Software Development Models

Any software development process is divided into several logical stages that allow a software development company to organize its work efficiently in order to build a software product of the required functionality within a specific time frame and budget. A professional software development team has an opportunity thorough planning and a well-thought organization of a software development process eliminate unnecessary risks or reduce them to the minimum.

A typical software development lifecycle comprises the following stages:

  • Documentation of software development.
  • Designing a software product.
  • Implementing the software product.
  • Testing the software solution.
  • Deployment of the solution.
  • Maintenance of the product. 
Software development teams, taking into account its goals and the scale of a particular project, have a number of well-established software development models to choose from. Therefore, each software development company adopts the best-suited model, which facilitates the software development process and boosts the productivity of its team members. 

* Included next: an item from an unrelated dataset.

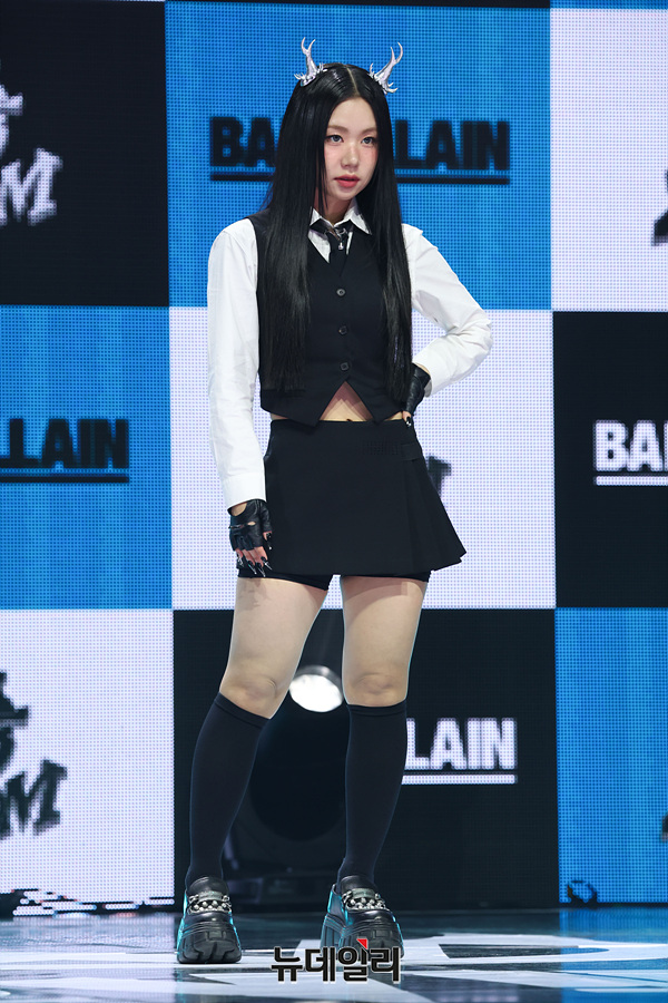 걸그룹 배드빌런(BADVILLAIN) 휴이가 19일 오후 서울 광진구 예스24 라이브홀에서 열린 싱글 1집 '숨(ZOOM)' 발매 기념 미디어 쇼케이스에서 포즈를 취하고 있다.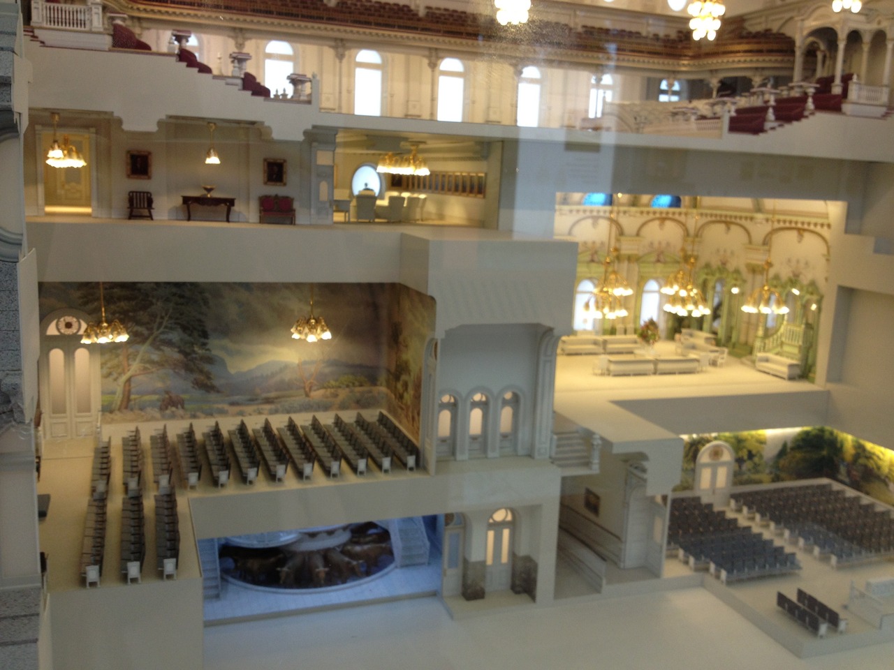 儀式に使われる建物で教徒しか入れてませんが、ビジターセンターに、内部の様子を写したものや、模型がありました。

The most common software development models applied for the development process are:

  • Waterfall model. This model is mainly apt for small and relatively easy software projects. Software companies working according to this model complete each stage in consecutive order and review its results before proceeding to another stage, which renders the waterfall model inflexible and unsuitable for complex long-term software projects. 

  • Spiral model. The essence of this model is in the underscored importance of a risk-analysis during the development process. The spiral model presupposes that each stage of the classical waterfall model is divided into several iterations, and each iteration undergoes planning and risk analysis. As a result this model allows a software company to produce working software after each iterative stage, while evaluating the risks on an ongoing basis. However, adopting the spiral model may result in notably higher costs.

  • V-shaped model. This model is similar to the waterfall model, though the main emphasis is placed on the verification stage and testing, which overlap all the other stages of the software development lifecycle. Tests are planed starting from the documentation stage, then throughout integration and coding and after the actual implementation of a software product testing itself is initiated. Therefore, the V-shape is formed due to the upward direction of testing, i.e. test execution.

  • Iterative model. This model allows a software company to spot and mend problems at the earlier stages of the software development lifecycle, which makes the development process more flexible. This aim is achieved by breaking down the whole lifecycle into several iterations, thus handling the process in smaller portions. The iterative model allows creating the initial version of a software product straight after the first iteration.

  • Agile development. This development model adopts the iterative model as a baseline, while putting an emphasis on the human factor, which is achieved by software team feedbacks throughout the ongoing development process.